Monday, November 13, 2006

Gezelligheid

Twee oud jenever, alstublieft!* M and I just got back from our vacation to Amsterdam, which was so beautiful - we had a wonderful time. We stayed in a really cool hotel, the Eden Rembrandt Square, which is in a great location in the canal belt. Every day we went to museums, like the Rijksmuseum, the van Gogh museum, the Stedelijk, the Frans Hals museum in Haarlem, and to famous houses, like Rembrandthuis, and Anne Frank's house and the Willet-Holthuysen house. I've read Anne Frank's diary about 50 times, so it was very exciting to see her house, although also terribly sad. I never realized it was on such a lovely canal street. There is no furniture anymore, so you have to imagine all the beds, which is difficult to do because it's very small. Anne's room is easily recognizable because the walls still have her magazine pictures pasted on.

Our favorite thing to do was to walk along the canals at night, looking at the reflections in the water and peeking into people's windows, which, according to my Frommer's, is not discouraged. We also spent a fair amount of time in pubs, drinking local beer and eating cheese. It's just ridiculously charming there - everyone rides bikes, all the cafes have a cat, when you go to a restaurant or bar, all the tables have candles. Supposedly when the canals ice over in the winter, people ice-skate to work!

Bonus! We come home and the dems have taken back congress and Britney dumped K Fed. That's one small step for man and one big step for mankind.

Here we are doing our best impressions of Dutch genre figures.

* Two old gins, please!

Wednesday, November 01, 2006

Most people are other people

I read this really depressing quote by Oscar Wilde the other day - on a t-shirt, of all things, for sale somewhere online. To wear it would be some kind of uber-irony, I suppose:
Most people are other people. Their thoughts are someone else's opinions, their lives a mimicry, their passions a quotation.
I just looked it up, and found this longer bit, although I'm not sure of the citation:
People...go through their lives in a sort of coarse comfort, like petted animals, without ever realizing that they are probably thinking other people's thoughts, living by other people's standards, wearing practically what one may call other people's second-hand clothes, and never being themselves for a single moment. ...Most people are other people. Their thoughts are someone else's opinions, their lives a mimicry, their passions a quotation.

For the most part, I think this is true, especially based on my experience with plagiarisers in my classes. I wonder when one becomes afraid of their own ideas?
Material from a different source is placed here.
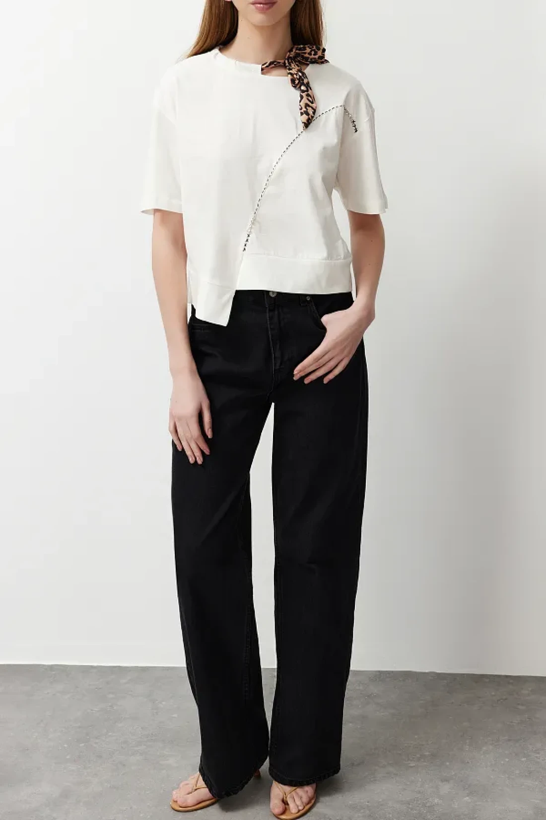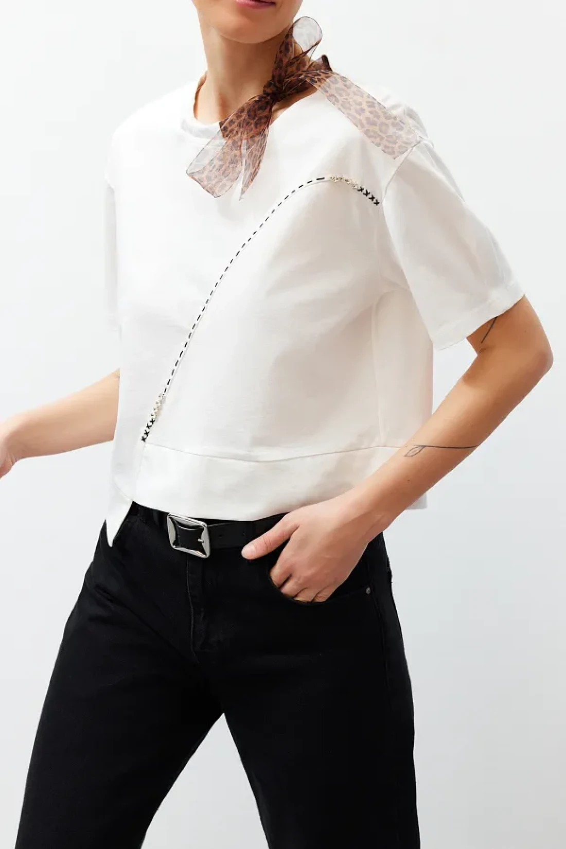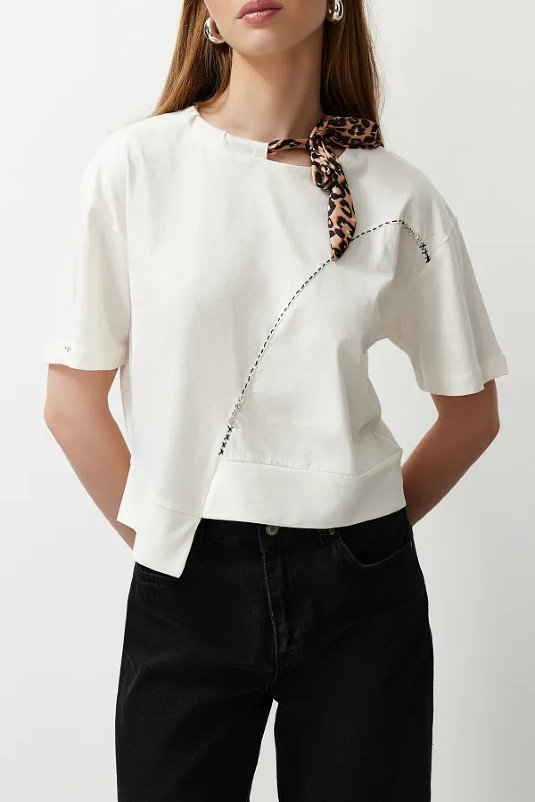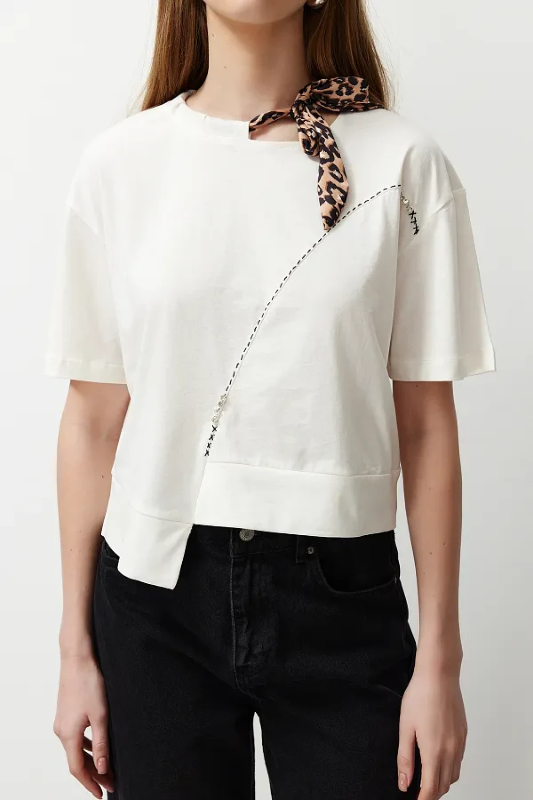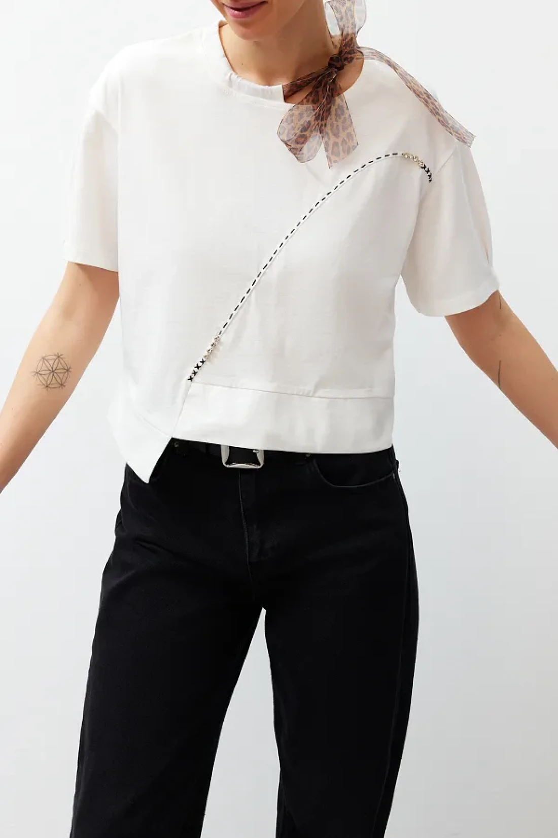 Edit by White Leopard Halter Detailed Knitted T-Shirt TEDSS24TS00001

Someone left a comment on my book blog today, I feel with ill intent. What kind of person goes around reading people's book blogs leaving nasty comments? I suppose I'm mostly shocked that someone I don't know happened upon my blog. Well, thanks a lot, Grandma (if that IS your real name). Thanks for kicking a girl when she's down, which, fyi, is just about all the time now.

I found an awesome poem:
Dove in the Arch by Robert Desnos

Cursed!
be the father of the bride
of the blacksmith who forged the iron for the axe
with which the woodsman hacked down the oak
from which the bed was carved
in which was conceived the great-grandfather
of the man who was driving the carriage
in which your mother met your father.


I feel like drawing it.
Discuss: would Oscar Wilde love or hate blogs?